==== Data below ====

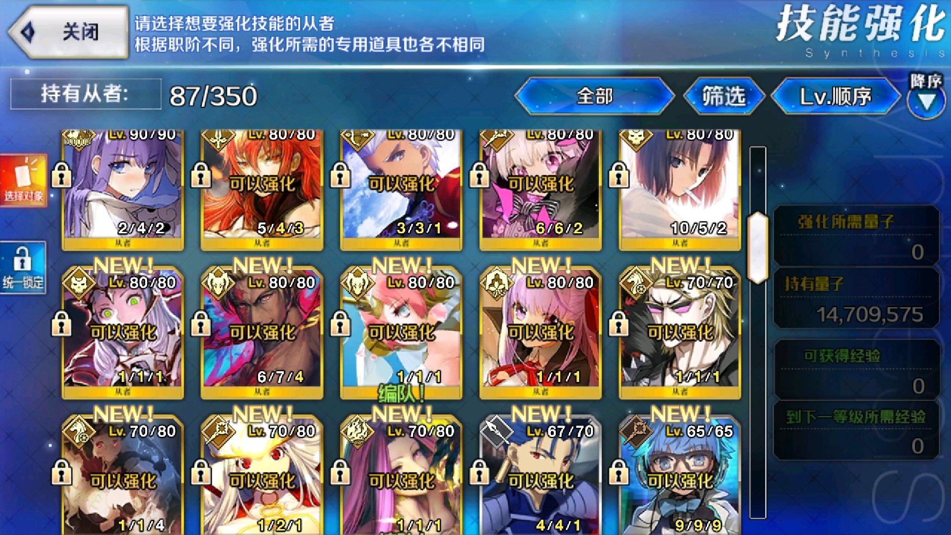 练度较高,主要从者最好满技能。
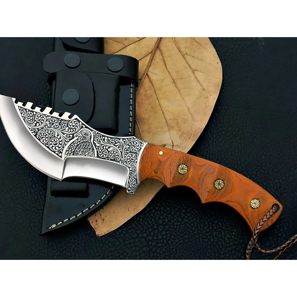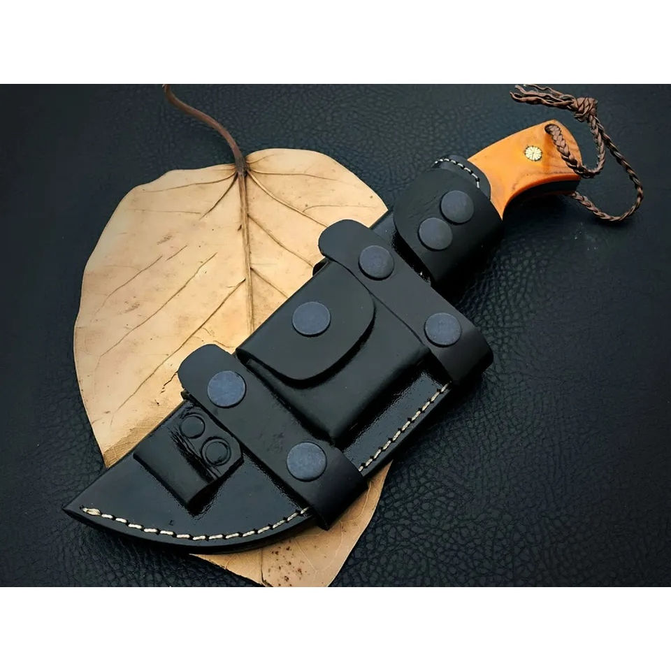 มีดแทรคเกอร์ Burraq แบบกำหนดเอง DIY OEM ทำมือจากเหล็ก D2 ลายตอกแบบ Full Tang พร้อมปลอกหนัง ขนาด 12 นิ้ว ของขวัญวันครบรอบ
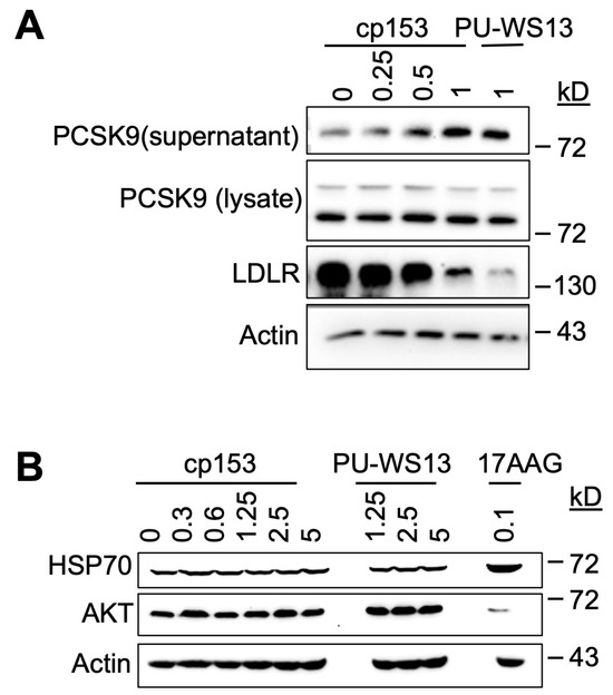 cp153 increases PCSK9 secretion and LDLR degradation without inducing cytosolic HSP90 responses. (A) Immunoblots of PCSK9 (supernatant/lysate) and LDLR in cells treated with cp153 or PU-WS13 for 24 h. (B) HSP70 and AKT levels after treatments with cp153, PU-WS13, or 17AAG. β-actin: loading control.

====

* [Brief]:
An exact transcription of the material is required, without any pictures.

* [Completed exercise]:
 练度较高,主要从者最好满技能。
 มีดแทรคเกอร์ Burraq แบบกำหนดเอง DIY OEM ทำมือจากเหล็ก D2 ลายตอกแบบ Full Tang พร้อมปลอกหนัง ขนาด 12 นิ้ว ของขวัญวันครบรอบ
 cp153 increases PCSK9 secretion and LDLR degradation without inducing cytosolic HSP90 responses. (A) Immunoblots of PCSK9 (supernatant/lysate) and LDLR in cells treated with cp153 or PU-WS13 for 24 h. (B) HSP70 and AKT levels after treatments with cp153, PU-WS13, or 17AAG. β-actin: loading control.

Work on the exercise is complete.